**EXERCISE OBJECTIVE**
All pictures are to be excluded when the data below is output verbatim.

-------- DATA BELOW --------

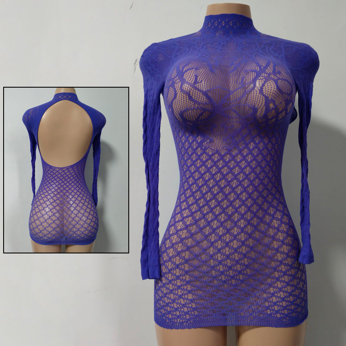 The ultra-stretch mesh hugs your body in all the right places while the daring open-back and hip-cut design showcase your irresistible curves.
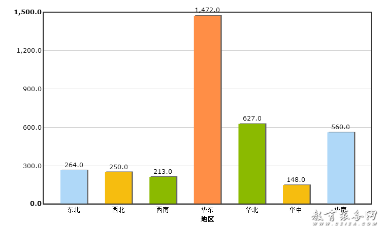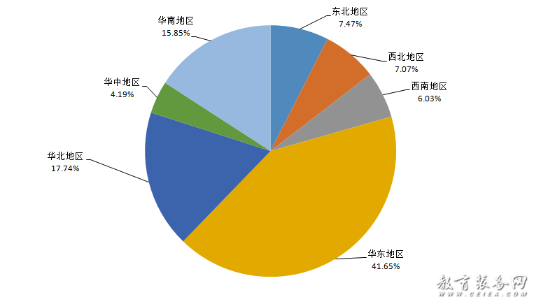 6月份教育裝備中標采購區域信息數據共3534條(中標信息區域設置為單選項)見圖6、圖7,華東地區中標信息量1472條,占區域信息量的41.65%;華北地區中標信息量627條,占區域信息量的17.74%;華南地區中標信息量560條,占區域信息量的15.85%;東北地區教育裝備中標信息量264條,占區域信息量的7.47%;西北地區中標信息量250條,占區域信息量的7.07%;西南地區中標信息量213條,占區域信息量的6.03%;華中地區中標信息量148條,占區域信息量的4.19%。
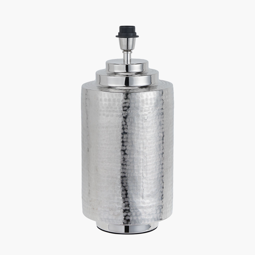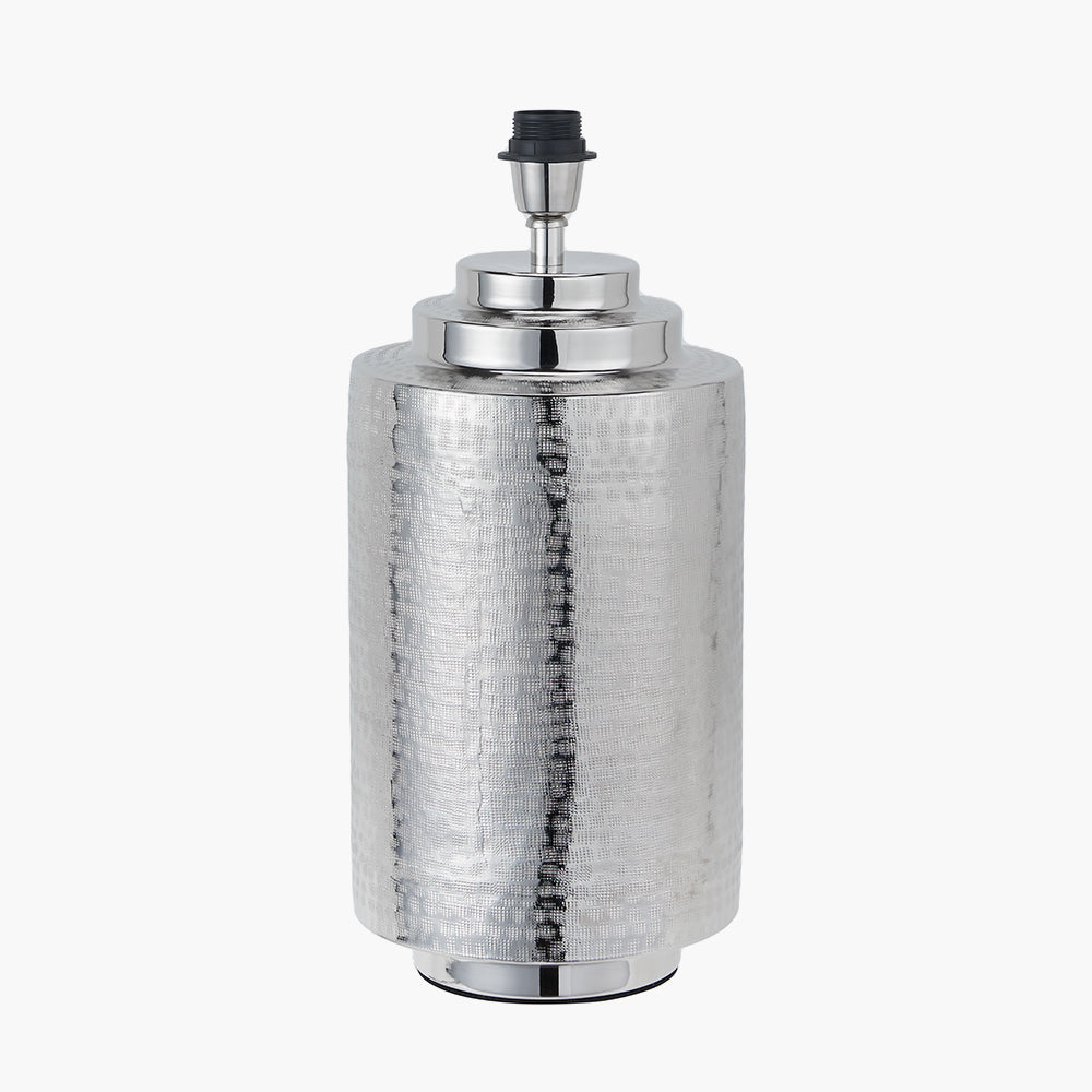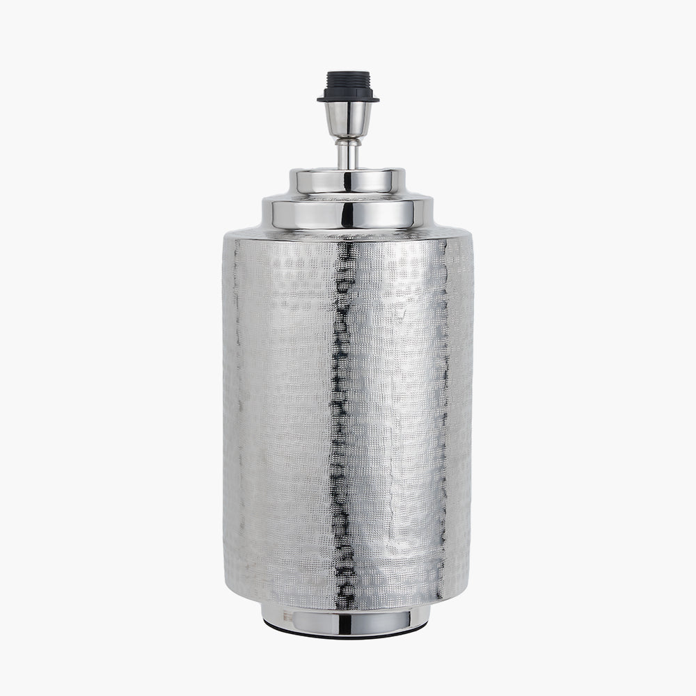 Transform your living area or workspace with the Zuri Large Shiny Silver Metal Pot Table Lamp Base, a stunning centerpiece that combines artistry with modern elegance. Crafted meticulously in India, this handcrafted lamp base showcases expert hand-hammering techniques, resulting in a uniquely textured and captivating design.

--------

**WRITTEN REPLY**
 The ultra-stretch mesh hugs your body in all the right places while the daring open-back and hip-cut design showcase your irresistible curves.
 6月份教育裝備中標采購區域信息數據共3534條(中標信息區域設置為單選項)見圖6、圖7,華東地區中標信息量1472條,占區域信息量的41.65%;華北地區中標信息量627條,占區域信息量的17.74%;華南地區中標信息量560條,占區域信息量的15.85%;東北地區教育裝備中標信息量264條,占區域信息量的7.47%;西北地區中標信息量250條,占區域信息量的7.07%;西南地區中標信息量213條,占區域信息量的6.03%;華中地區中標信息量148條,占區域信息量的4.19%。
 Transform your living area or workspace with the Zuri Large Shiny Silver Metal Pot Table Lamp Base, a stunning centerpiece that combines artistry with modern elegance. Crafted meticulously in India, this handcrafted lamp base showcases expert hand-hammering techniques, resulting in a uniquely textured and captivating design.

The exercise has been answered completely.